--- INSTRUCTIONS TO FOLLOW ---
From the first line to the last, please print the entries exactly, omitting pictures.

--- EXCERPTED DATA ---

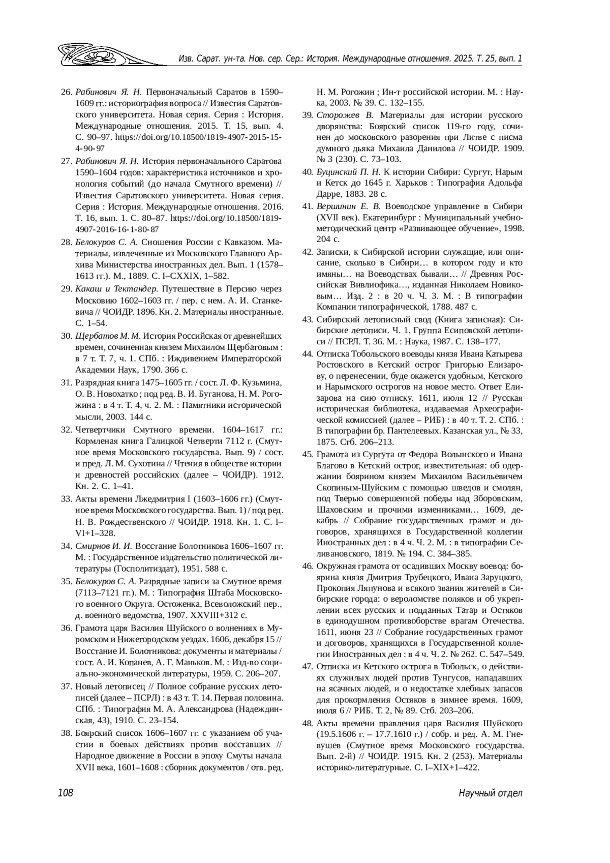 27. Рабинович Я. Н. История первоначального Саратова 1590-1604 годов: характеристика источников и хронология событий (до начала Смутного времени) // Известия Саратовского университета. Новая серия. Серия: История. Международные отношения. 2016. Т. 16, вып. 1. С. 80-87. DOI: 10.18500/1819-4907-2016-16-1-80-87 EDN: VUTTAP
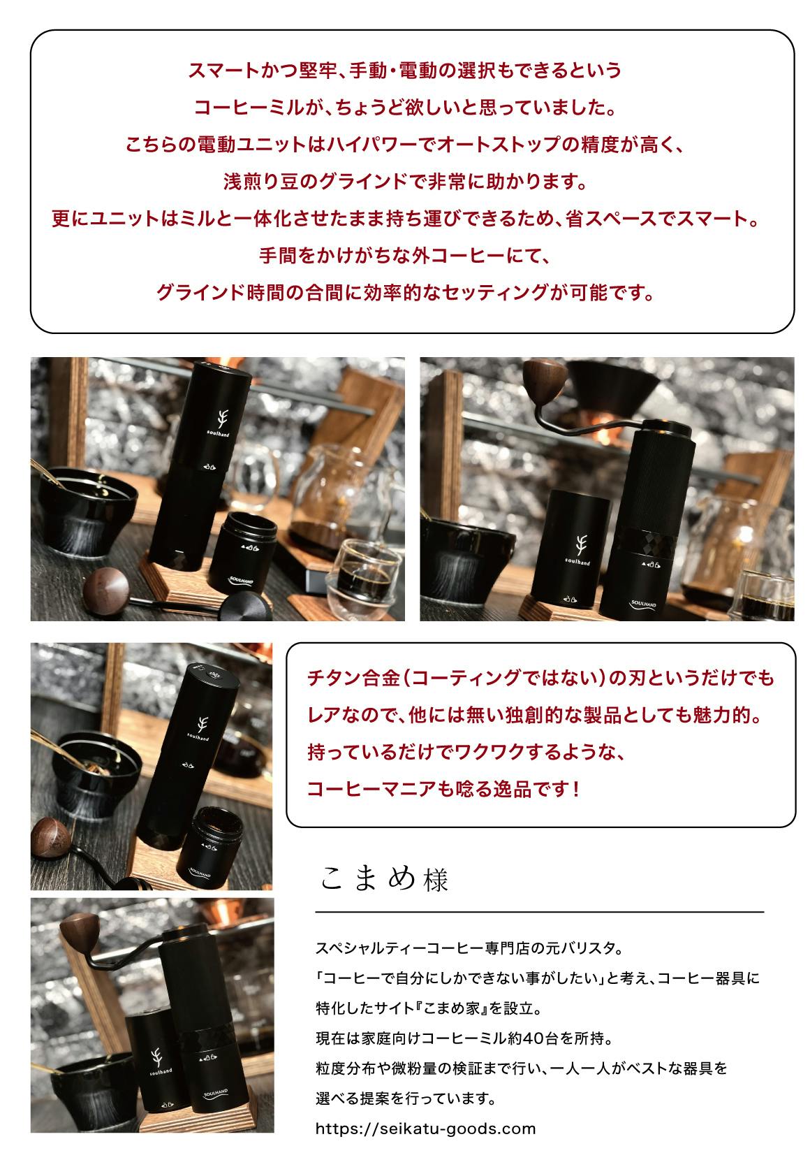 本商品については、日本製のミルにはない手動/電動の2WAY仕様であることに加えて、チタン合金製のグラインドコア、ボールベアリングの採用など、設計や材質へのこだわりの強さに大変魅力を感じました。
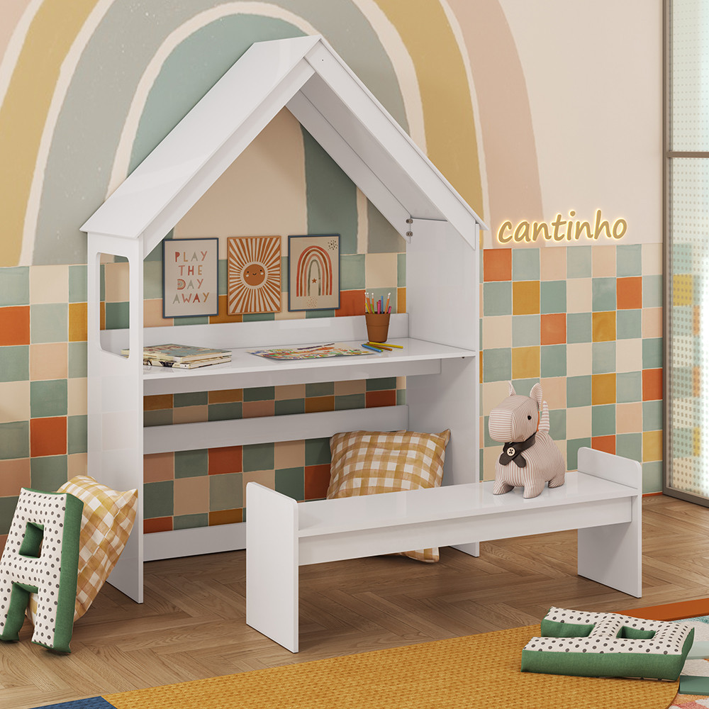 Escrivaninha Infantil Montessoriana Casinha em MDF Popy Móveis Peroba
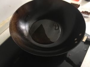 锅中倒入油加热,要比平时多放些油,茄子比较吸油
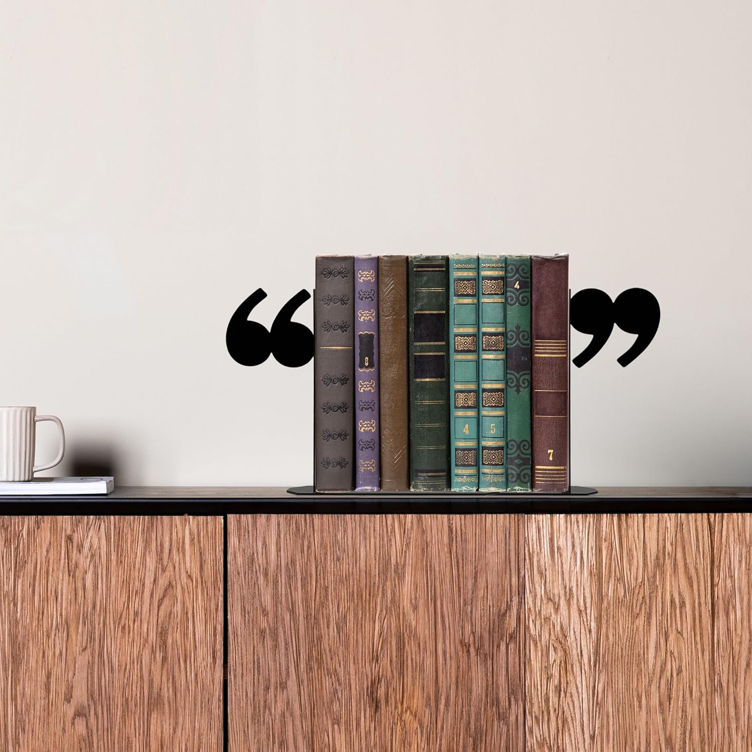 Cute Quotation Mark Metal Bookends – Novelty Decorative Shelf Organizers for Books | Unique Teacher Gifts & Librarian Gifts, Bookish Decor for Shelves, Desks, Kids’ Rooms
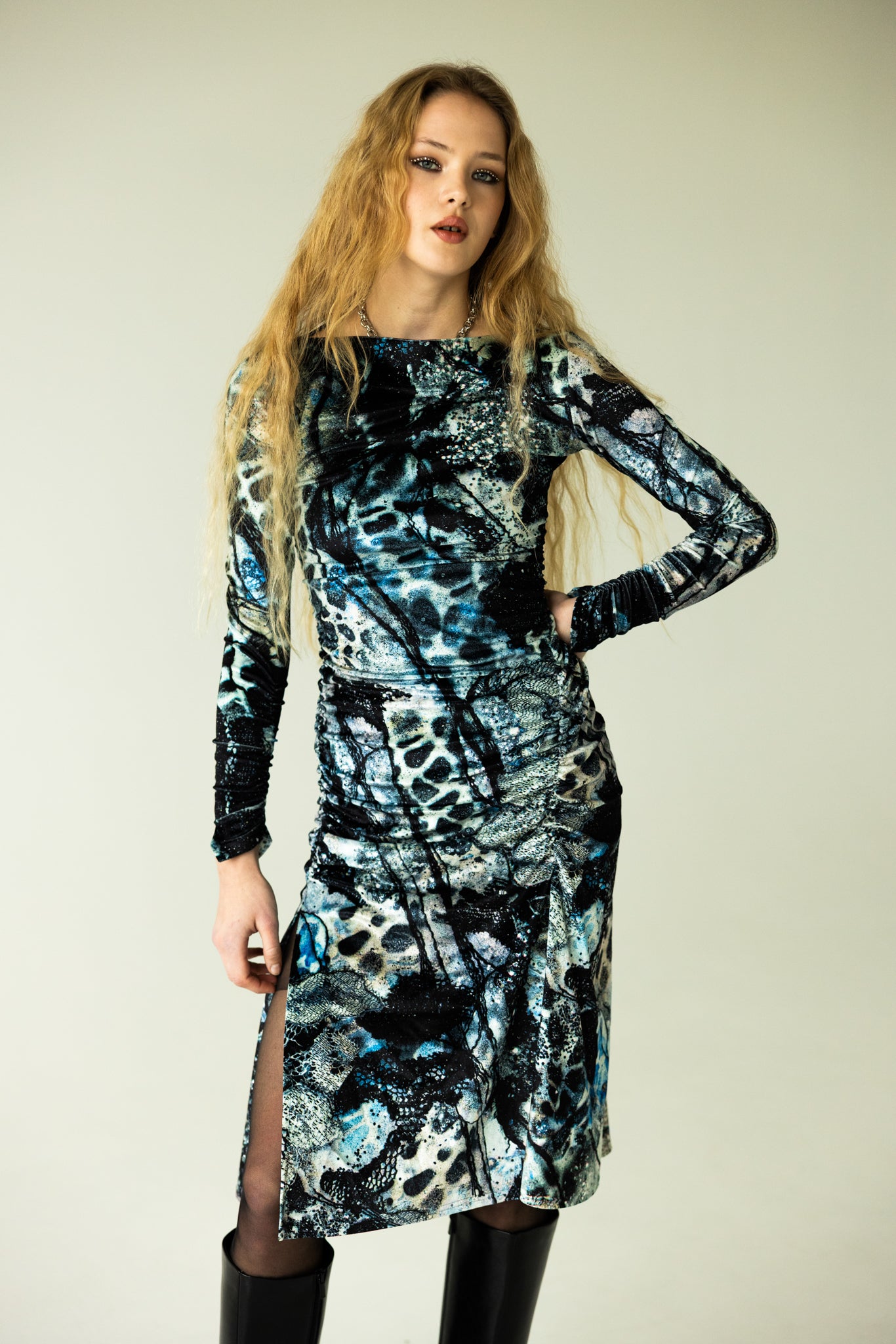The Boatneck Dress in Mystic Fog
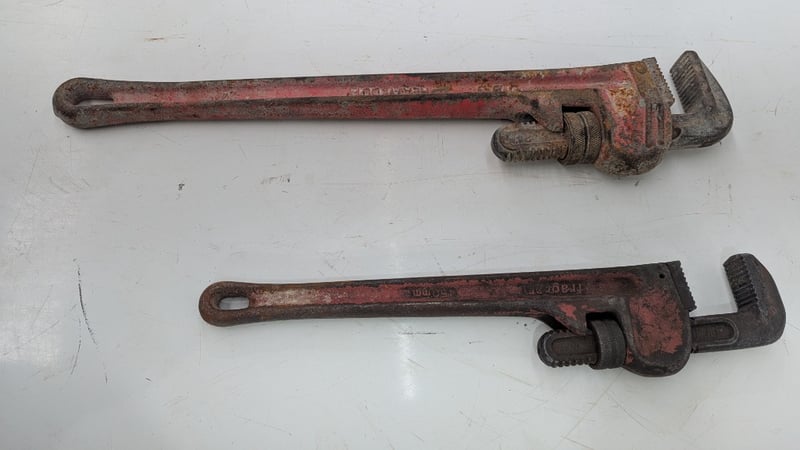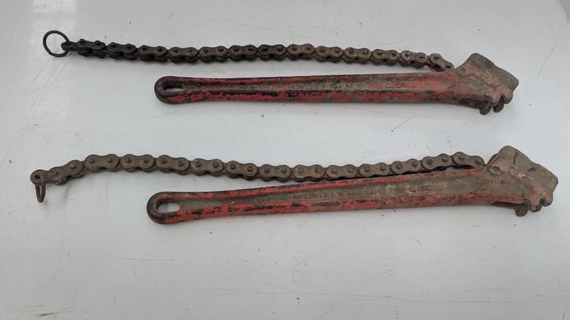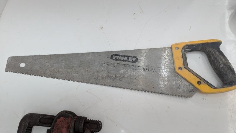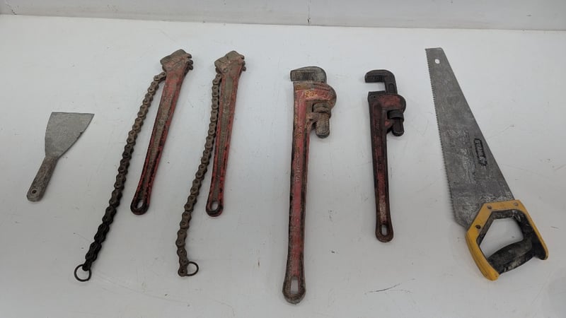 Assorted Tools, Including Chain Pipe Wrench, Straight Pipe Wrench, Hand Saw and More, Quantity 6Sold As Lot

--- ANSWER AREA ---
 27. Рабинович Я. Н. История первоначального Саратова 1590-1604 годов: характеристика источников и хронология событий (до начала Смутного времени) // Известия Саратовского университета. Новая серия. Серия: История. Международные отношения. 2016. Т. 16, вып. 1. С. 80-87. DOI: 10.18500/1819-4907-2016-16-1-80-87 EDN: VUTTAP
 本商品については、日本製のミルにはない手動/電動の2WAY仕様であることに加えて、チタン合金製のグラインドコア、ボールベアリングの採用など、設計や材質へのこだわりの強さに大変魅力を感じました。
 Escrivaninha Infantil Montessoriana Casinha em MDF Popy Móveis Peroba
 锅中倒入油加热,要比平时多放些油,茄子比较吸油
 Cute Quotation Mark Metal Bookends – Novelty Decorative Shelf Organizers for Books | Unique Teacher Gifts & Librarian Gifts, Bookish Decor for Shelves, Desks, Kids’ Rooms
The Boatneck Dress in Mystic Fog
 Assorted Tools, Including Chain Pipe Wrench, Straight Pipe Wrench, Hand Saw and More, Quantity 6Sold As Lot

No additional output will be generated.